• _EXERCISE DESCRIPTION_:
Set down, word for word, the line with "Jungfernstieg combines lakeside" and the lines after it through the final line of the data below, without pictures.

• _INFORMATION PROVIDED_:
__________________________________________________
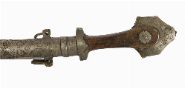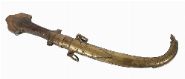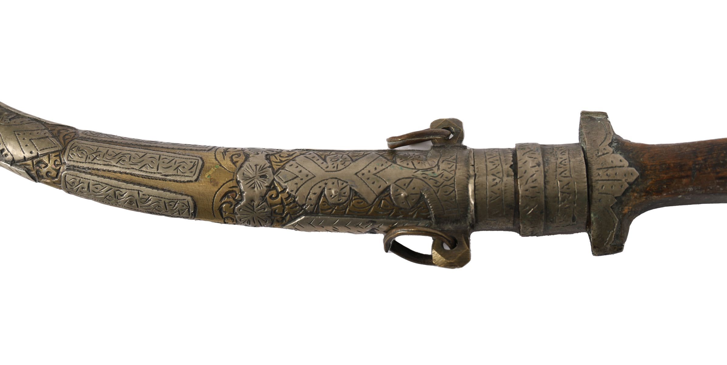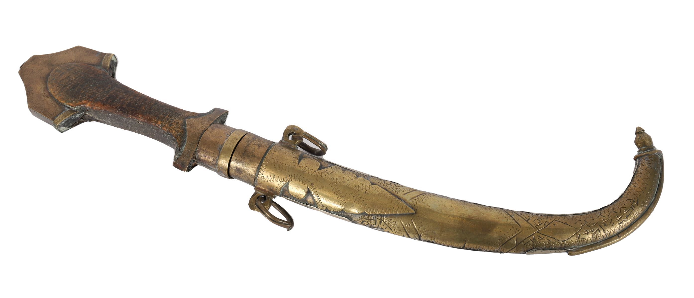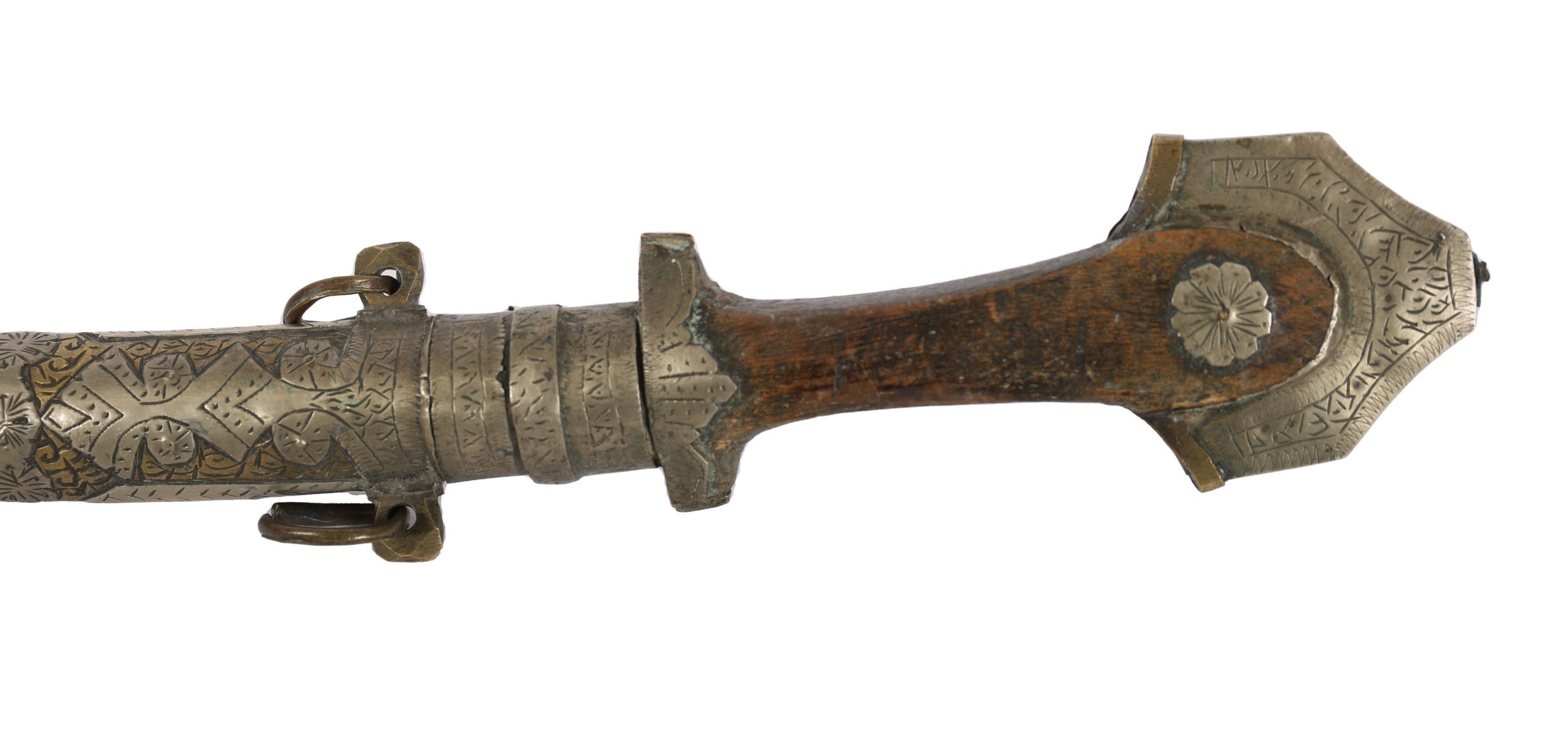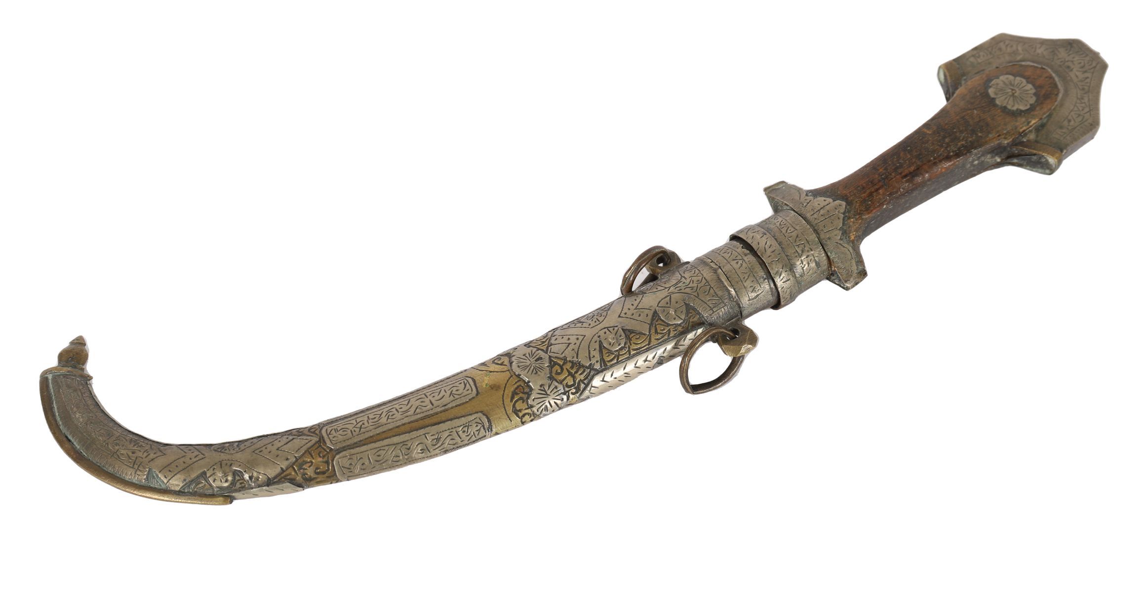 A 19th-century jambiya with curved steel blade, engraved metal hilt, and matching decorated scabbard. Middle Eastern or North African, 19th century.
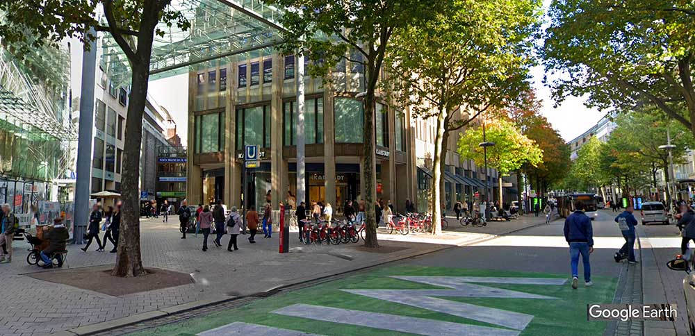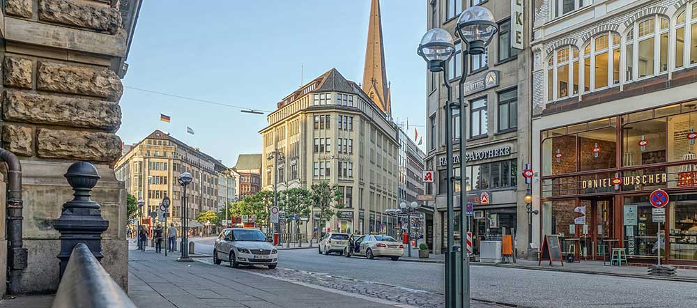 Jungfernstieg combines lakeside promenade with shopping street along the Binnenalster, lined with cafes, department stores, and open spaces popular for walking, boat tours, and city skyline views. Mönckebergstrasse serves as the main shopping thoroughfare in the city center with department stores, boutiques, international brands, and historic buildings. Spitalerstrasse provides additional pedestrian shopping in the historic Altstadt with modern shops, cafes, and high foot traffic.
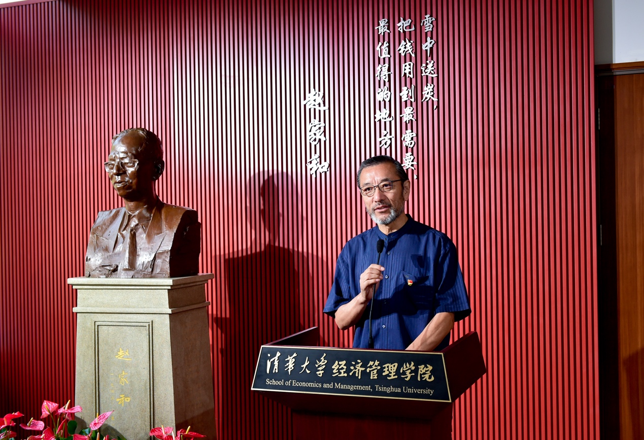 连辑为赵家和雕像题字,他表示,赵家和曾为兴华基金会提供关键性帮助,且长期支持基金会和经管学院工作,看到十年来基金会资助了七千余名高中生完成学业,自己深受感动。赵家和老师毫不利己,专门利人,对工作高度负责,对技术精益求精,对人们满腔热忱,为我们塑造树立了精神典范和标尺。
__________________________________________________
• _COMPLETED TASK_:
 Jungfernstieg combines lakeside promenade with shopping street along the Binnenalster, lined with cafes, department stores, and open spaces popular for walking, boat tours, and city skyline views. Mönckebergstrasse serves as the main shopping thoroughfare in the city center with department stores, boutiques, international brands, and historic buildings. Spitalerstrasse provides additional pedestrian shopping in the historic Altstadt with modern shops, cafes, and high foot traffic.
 连辑为赵家和雕像题字,他表示,赵家和曾为兴华基金会提供关键性帮助,且长期支持基金会和经管学院工作,看到十年来基金会资助了七千余名高中生完成学业,自己深受感动。赵家和老师毫不利己,专门利人,对工作高度负责,对技术精益求精,对人们满腔热忱,为我们塑造树立了精神典范和标尺。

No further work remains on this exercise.